How to Write a Funny EssayFriday, April 16th, 2010
Writing funny essays is not so simple
When we imagine the teacher or the examiner laughing at our essays, it is not a nice picture. Unless, of course, that from the start we have decided to write a funny essay, intended specifically to be as hilarious as possible. Sounds easy, right? Wrong! Actually, writing funny essays is quite a challenge. It is not as simple as it sound being funny on paper, since most of the sense of humor is transmitted through our voice tone and not words.
But if you still want to prove yourself worthy of the task of entertaining your readers, here are some tips on how to write this kind of essay.
Start with an epigraph
If the teacher has requested such an essay, you won’t have any problems being funny in your writing. But, what if it was your idea to write a funny essay? Here is a suggestion: provide your essay with a professional an scientific look by starting with an epigraph on humor. It will probably make the reader smile and prepare them for your funny intentions.

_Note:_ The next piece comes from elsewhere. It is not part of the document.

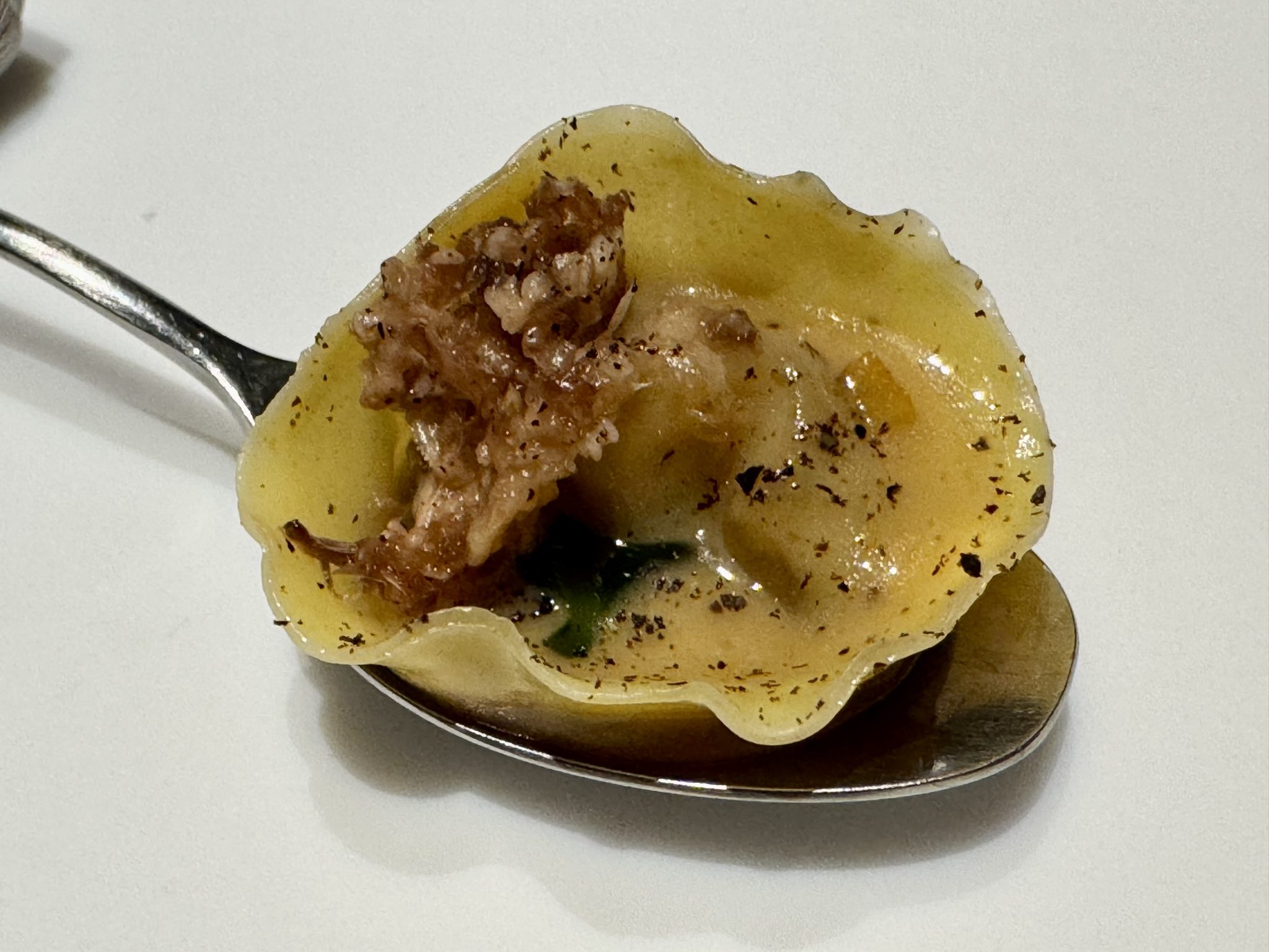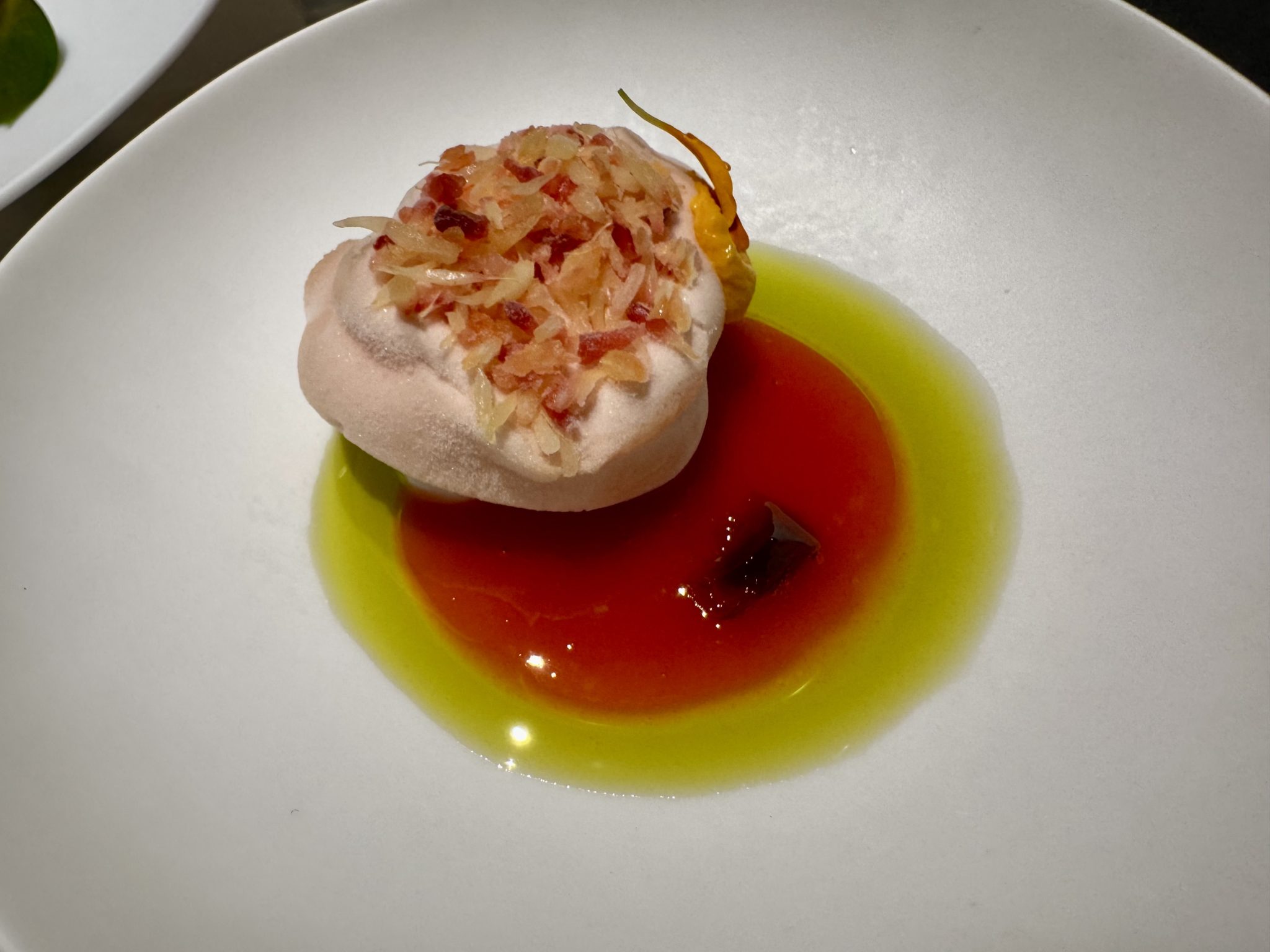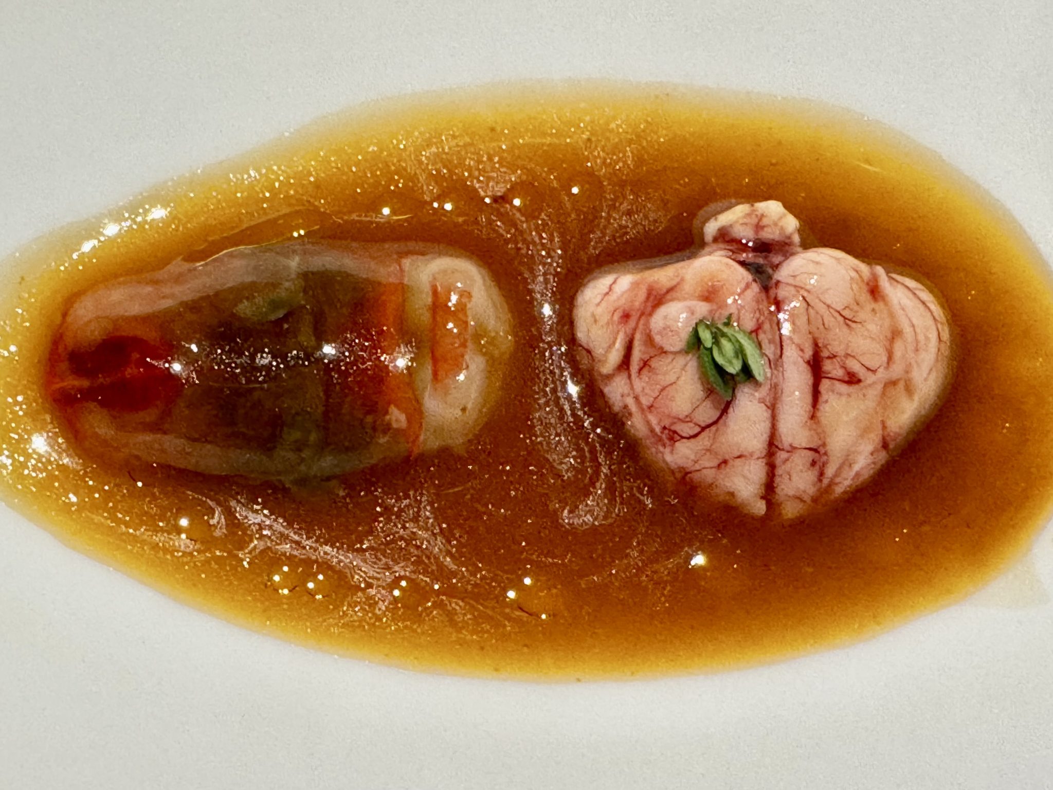 Con el atrevido escabeche de sesos de conejo y de gambas, un mar y montaña extraño, confluencia de dos masas melifluas y visualmente impactantes extraídas con bisturí de un mamífero y un crustáceo, Adrià nos obligaba a superar cualquier prejuicio. Y con la gelatina de tuétano de ternera con caviar ahumado, con el plus de una salsa de las lentejas-caviar guisadas convertía en duda, que no en trampantojo, la conocida armonía de su hermano Ferran. Un juego sápido y visual que se multiplicó con los mochis de frambuesa que tras un sutil cocinado adoptan la forma de tiras de pimientos del piquillo y saben casi igual por efecto de la salsa de pimientos con la que se cubren. De nuevo, texturas y sabores a las puertas del juego, con detalles de desconcierto y un refinado sentido de la provocación.

An epigraph is a phrase or quotation (and sometimes poem) set at the beginning of a text. This epigraph may serve as a preface, introduction, example or counter-example for the following. Here are some ideas on epigraphs on sense of humor:
– Common sense and a sense of humor are the same thing, moving at different speeds. A sense of humor is just common sense, dancing. (William James)
– A sense of humor is part of the art of leadership, of getting along with people, of getting things done. (American 34th President, Dwight David Eisenhower)
– Humor is the great thing, the saving thing. The minute it crops up, all our irritation and resentments slip away, and a sunny spirit takes their place. (Mark Twain)
– Humor is just another defense against the universe. (Mel Brooks)
– Humor is reason gone mad. (Groucho Marx)
When writing funny essays, the student may apply all kinds of language resources, such as the following.
– Alliteration: It consists in repeating the same consonant sound at the beginning of two or more words in close succession. It is commonly used in nursery rhymes or tongue-twisters. For example: “Peter Piper picked a peck of pickled peppers …”.
– Irony: It shows a discordance that goes strikingly beyond the most simple and evident meaning of words or actions. Verbal and situational irony is often intentionally used as emphasis in an assertion of a truth. For example: the proposition “It is a truth universally acknowledged, that a single man in possession of a good fortune, must be in want of a wife”, that is the beginning of Pride and Prejudice, in which Jane Austen tried to demonstrate quite the opposite, that is, that women are always desperately searching for a rich husband.
– Puns: A form of word play that deliberately exploits an ambiguity between similar-sounding words. For example: “We know that the Middle Ages are called the Dark Ages because there were many knights…”.